CERTCC / kaiju

CERT Kaiju is a binary analysis framework extension for the Ghidra software reverse engineering suite. This repository is the primary, canonical repository for this project -- file bug reports and wishes here!
Other
268 stars 22 forks source link

Best way to use Kaiju/FN2Hash to match between two programs? #31

Open MattMills opened 1 year ago

MattMills commented 1 year ago

Is your feature request related to a problem? Please describe. I currently use fn2hash/kaiju to reconcile functions/symbols between a version of an application that doesn't have any symbols, and a version that has debug symbols. As these are slightly different versions compiled on the same OS with the same compiler, it is highly successful.

However, what I don't see within Kaiju is how to "import" or resolve the existing list of fn2hashes against a second application in a useful way. Currently I use a self-built postgres database to match fn2hashes across multiple versions, as my primary use case was resolving symbols from an unlabeled stack trace (it has export symbols + an offset, and my web app resolves the offset into the actual address and then the relevant symbol via fn2hash or some other custom code).

Describe the solution you'd like fn2hash identifies many of the useful functions, it seems like all it needs is a mechanism to apply fn2hash.csv from one program and all the symbols (and probably other ghidra stuffs would be useful, like creating functions where they don't exist) onto a second program, or perhaps being able to keep a database of multiple fn2hash sets from different programs and being able to match them during the analysis process.

Describe alternatives you've considered I've considered writing a python script to apply the symbol data naively using just the address of known function matches, but I figured their may be better solutions, so I thought I'd bring it up here and see if it sparked any interest or suggestions.

Additional context

sei-gwassermann commented 1 year ago

Thank you @MattMills for reaching out! I am glad to hear Kaiju and fn2hash have been useful to you. I think there's two potential answers to your question that I can give, and hopefully that will help us decide a good path forward!

One, if you're comparing against a small known set of binaries, there is an experimental (read: still kinda buggy & simple) tool in Kaiju called FSE (Function Set Extractor) which will run fn2hash and compare them against all the binaries imported into the currently open Ghidra project. It right now only displays a simple grid representing which hashes are shared among which files. We've had some internal discussion about improving this tool, I have some notes that I'm working from, but appreciate feedback if you have any on how to make the tool more useful and user-friendly.

Second, we've also discussed a cross-project database of hashes that could be loaded.
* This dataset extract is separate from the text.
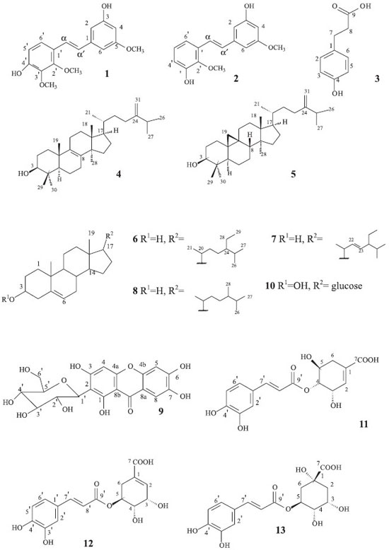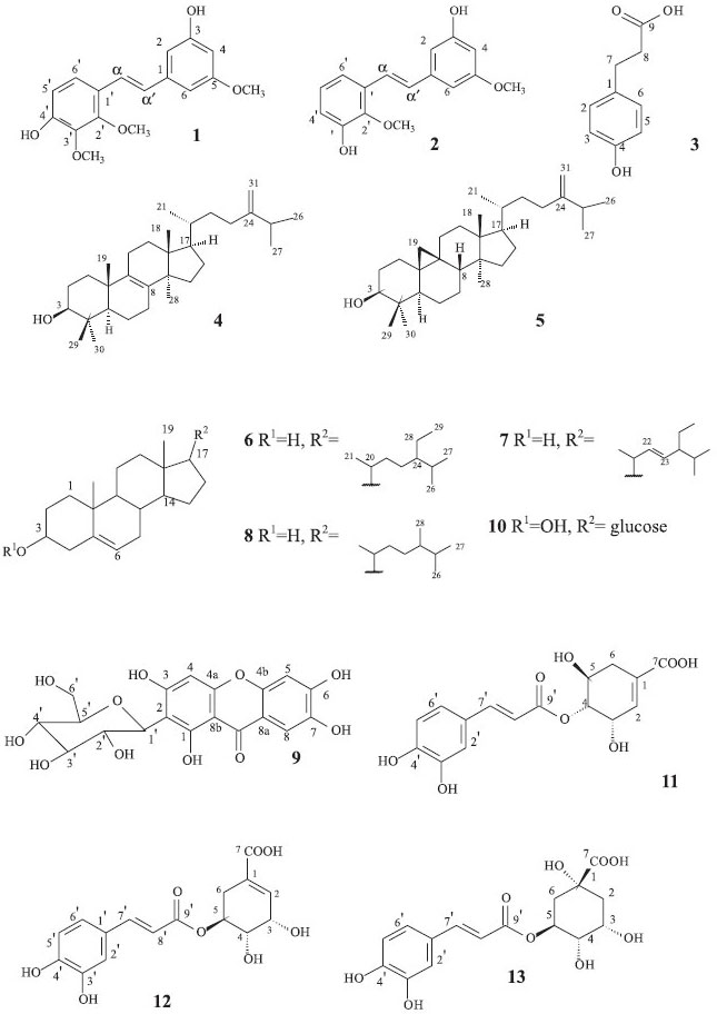 IDepartamento de Química, Universidade Estadual de Maringá, Av. Colombo 5790, 87020-900 Maringá - PR, Brasil Recebido em 27/11/2013 * e-mail: ampomini@uem.com ABSTRACT The chemical study of the orchid Maxillaria picta resulted in the isolation of the bioactive stilbenes phoyunbene B and phoyunbene C, in addition to four phenolic acids, one xanthone, steroidal compounds and two triterpenes. Crude extract, fractions, subfractions and the isolated xanthone were evaluated for anticancer activity against human tumor cell lines and against evolutionary forms of T. cruzi and L. amazonensis. The structures of the compounds were determined by GC-MS, and 1H NMR, 13C NMR spectral methods as well as bidimensional techniques. INTRODUÇÃO Plantas da família Orchidaceae têm se tornado alvo de estudos fitoquímicos sendo uma rica e variada fonte de compostos que apresentam diversos tipos de atividades biológicas. Já foram relatados os isolamentos de triterpenos,1 alcaloides,2 fenantrenos,3 flavonoides,4 além de estilbenos e ácidos fenólicos,5,6 muitos deles demonstrando propriedades farmacológicas, tais como antioxidante, anticancerígena e analgésica.2,4,5 Pouco se sabe, porém, sobre substâncias com potencial biológico de orquídeas do gênero Maxillaria. Estudos químicos e biológicos foram realizados apenas com a espécie M. densa, nativa do México, utilizada popularmente como relaxante muscular,7 a partir da qual foram identificados fenantrenos e estilbenoides com atividades antifúngicas.8,9 A espécie M. picta é endêmica do bioma Mata Atlântica, no Sul e Sudeste do Brasil, principalmente sobre a Serra do Mar, sendo comumente encontrada em modo epifítico sobre perobas. A espécie é facilmente identificada pela presença de seus pseudobulbos bifoliados, sulcados a canaliculados e pelas suas flores campanuladas, duradouras e sem recompensas florais aos polinizadores,10 mas que apresentam fragrâncias e colorações que atraem abelhas operárias sem ferrão do gênero Trigona.11 Alguns trabalhos realizados com M. picta descrevem os componentes florais voláteis que se caracterizam por altas concentrações do monoterpeno linalol.12 O presente trabalho descreve o estudo químico e farmacológico do extrato bruto e frações de M. picta, com a realização de ensaios para atividade antiproliferativa contra diversas linhagens de células cancerosas humanas bem como ensaios tripanocida e leishmanicida, agentes causadores de doenças tropicais negligenciadas de considerável importância, tendo em vista a atual defasagem medicamentosa para o tratamento dessas enfermidades.

Ghidra supports sharing of this type of data between clients when run in server mode, so that was an idea I've explored a little but haven't released anything yet. If that is along the lines you're thinking, then that might confirm it as a good direction to keep working in!

MattMills commented 1 year ago

Thanks @sei-gwassermann

I've messed around a bit in previous versions with the xref viewer but I couldn't get it to work; looking at the function intersection viewer on https://insights.sei.cmu.edu/blog/introducing-cert-kaiju-malware-analysis-tools-for-ghidra/ I don't think it'd be particularly useful for my use case only because I'm looking at relatively large binaries (about 90k functions).
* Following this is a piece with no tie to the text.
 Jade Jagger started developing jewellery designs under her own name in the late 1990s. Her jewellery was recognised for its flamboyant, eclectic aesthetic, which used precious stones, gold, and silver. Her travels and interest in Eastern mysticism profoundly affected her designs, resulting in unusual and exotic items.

A cross project database sounds useful, but I haven't tried using ghidra in server mode since it's just me. I mean, what would be very ideal would be a public central database server where the analyzer could submit it's results to and then get any (exact) matching hashes back with some info on the source executable or symbols if available, but I'd guess you wouldn't be particularly interested in building something with that kind of open access (for malware purposes).

(And I've just realized that I also have some of my own export script that export the function name for all functions and their address.) For me simply being able to take the export CSV from function hash viewer (+ and adding in the function name) and sticking it somewhere so it can be matched against future analysis (+ and the known symbol applied for exact matches / functions defined and disassembled if they're identified where they weren't by ghidra autoanalysis).

Currently I iterate through the hashes looking for a match from most to least specific, and if there is only 1 result then I assume it is likely correct, since all the disassembly I'm looking at is the same thing but slightly different versions or built for a different OS, or built with slightly different included libraries. Since I have a PDB for one version, that version has a ton more useful info and is where I do most of my work.

Hope that is useful context. I think if you guys aren't interested in pursuing I will take a simple approach of resolving addresses between two versions using hashes in a postgres database, exporting a function symbol / address mapping and writing a python script to import the simple symbols on those addresses in Ghidra; but there is clearly a lot more information that could be extracted and imported after correlating the code bits using fn2hashes.